This announcement enabled natural gas prices to come back down after a sharp jump the previous day. On Monday, the Dutch TTF futures contract, Europe’s main benchmark, reached its highest level of the year at 38.70 euros per megawatt-hour (MWh). A price spike fueled by concerns over the closure of the crucial Langeled gas artery, following the detection of a crack in a pipe on the Sleipner Riser platform on Sunday.
Repairs under close surveillance
According to Randi Viksund, Gassco’s Communications Manager, repair work on the crack detected on Sleipner Riser is progressing well.
“Based on current knowledge, the Langeled pipeline should be back in service by Friday,” she said.
These words were eagerly awaited by European markets which have been extremely dependent on Norwegian natural gas imports since the start of the conflict in Ukraine.

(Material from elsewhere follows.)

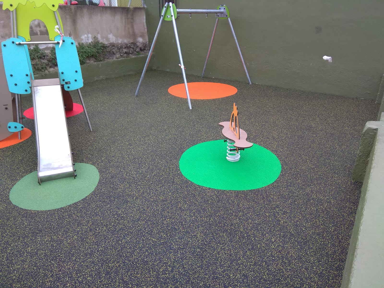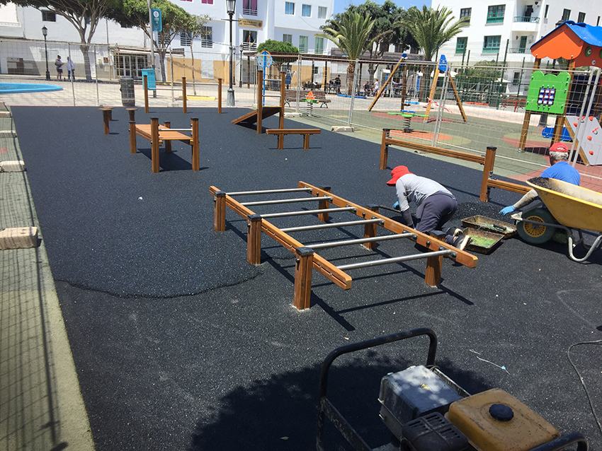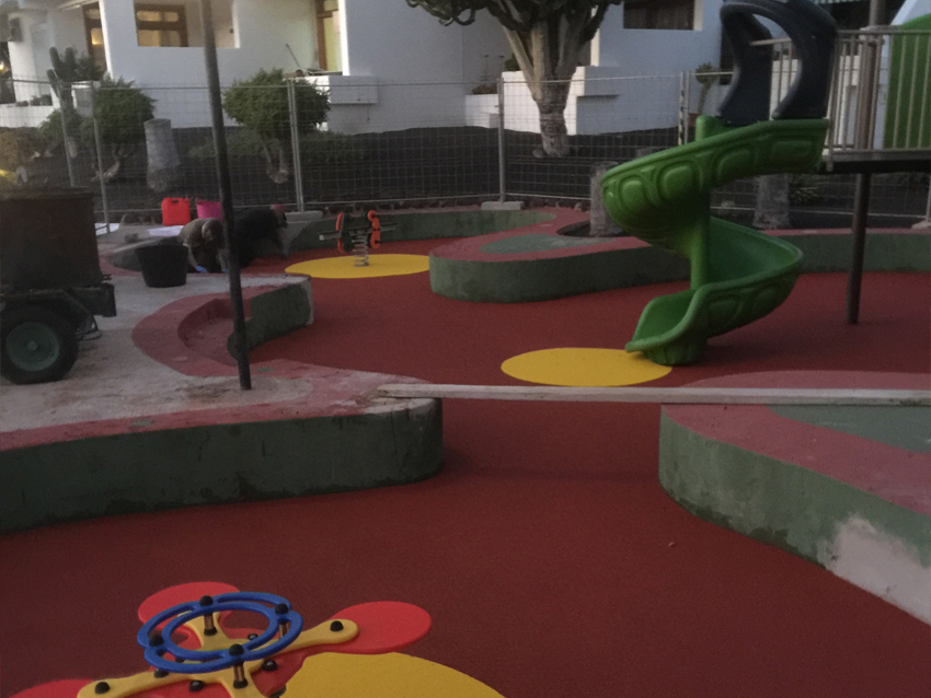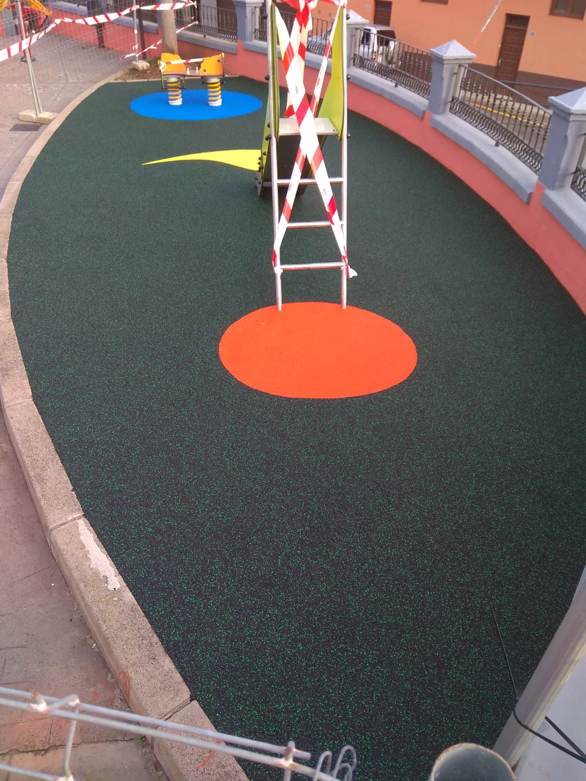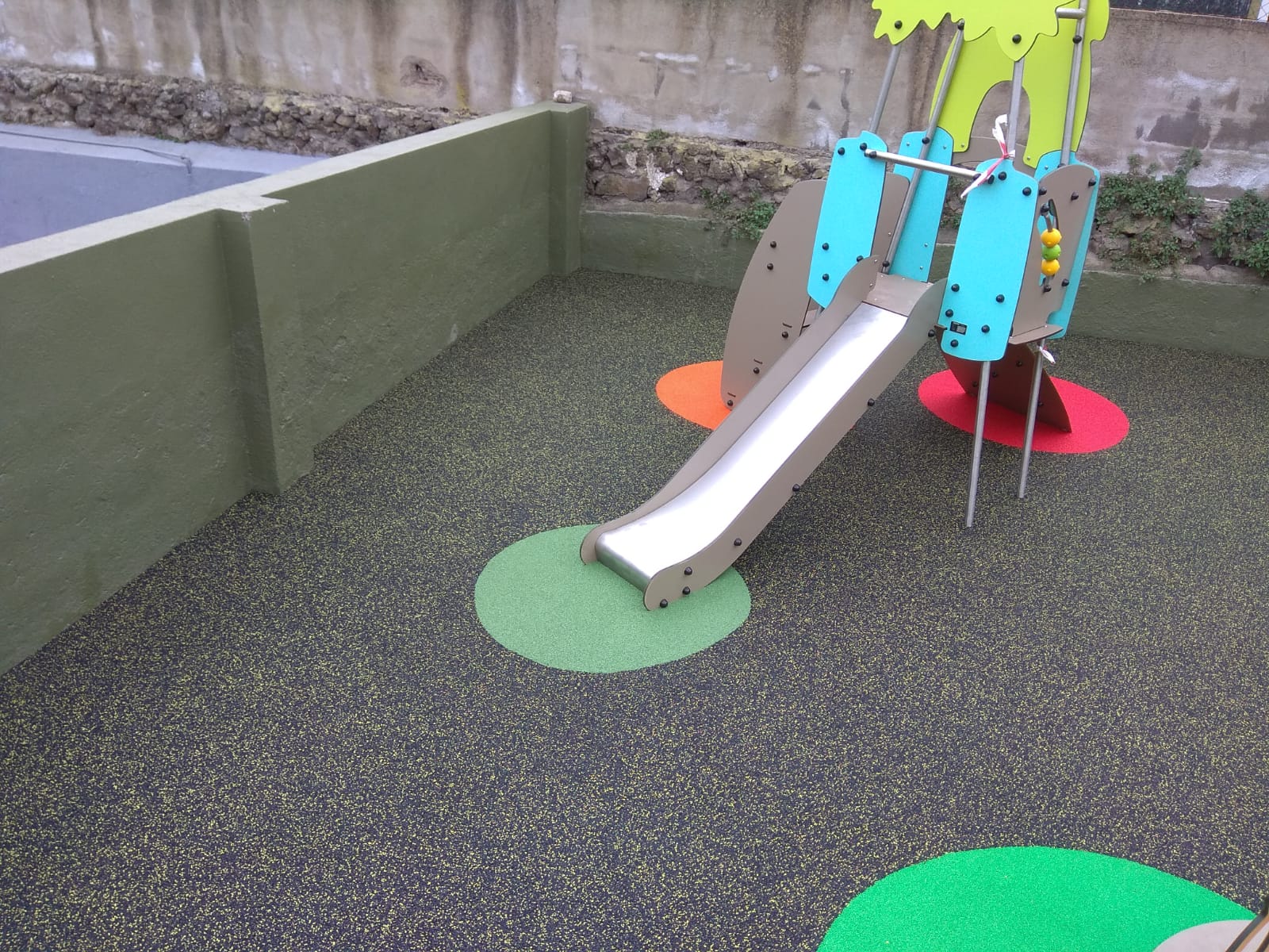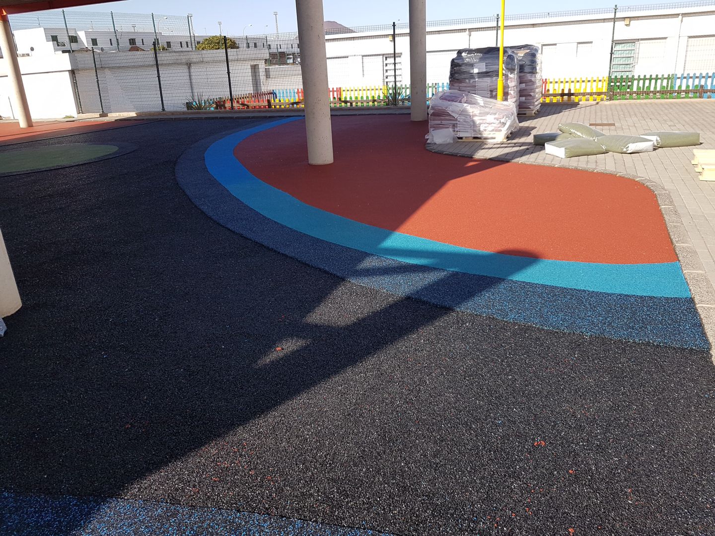 Una de nuestras especialidades es la colocación de pavimento amortiguador tanto en losetas como en pavimento continuo, siempre cumpliendo con la normativa vigente en (UNE-EN 1176-7:2008).

Lower prices in response to progress in repairs
Indeed, it was the prospect of such a return to normality that calmed bullish ardor on Tuesday. At around 13:45 GMT, the TTF futures contract was down 3.91% at 34.65 euros per MWh, erasing part of the previous day’s jump. Further proof of Norway’s strategic importance to Europe’s energy supply.
Norway, a key supplier in the face of geopolitical tensions
In the tense context created by the war in Ukraine, Norway has become a key player in Europe’s energy supply. At a time when the Old Continent is seeking to reduce its dependence on Russian hydrocarbons, the slightest disruption to a major supplier such as Norway has a major impact on the volatility of natural gas prices. The Scandinavian country saw its gas exports to Europe jump by 8.3% year-on-year in the first quarter of 2023, according to Statistics Norway. This increase is valuable for European countries, but also increases their vulnerability in the event of an incident affecting this crucial source of supply.
Focus on full recovery
This is why the speed of repairs on Langeled and its rapid return to normal operation will be closely scrutinized by European markets. Any prolonged disruption of this transit corridor could quickly give rise to new risks of pressure on prices, with all the repercussions this would entail for consumers and economic activity.
The energy crisis triggered by the Russian invasion shows once again just how important a secure supply of energy is, even for well-supplied regions such as Western Europe.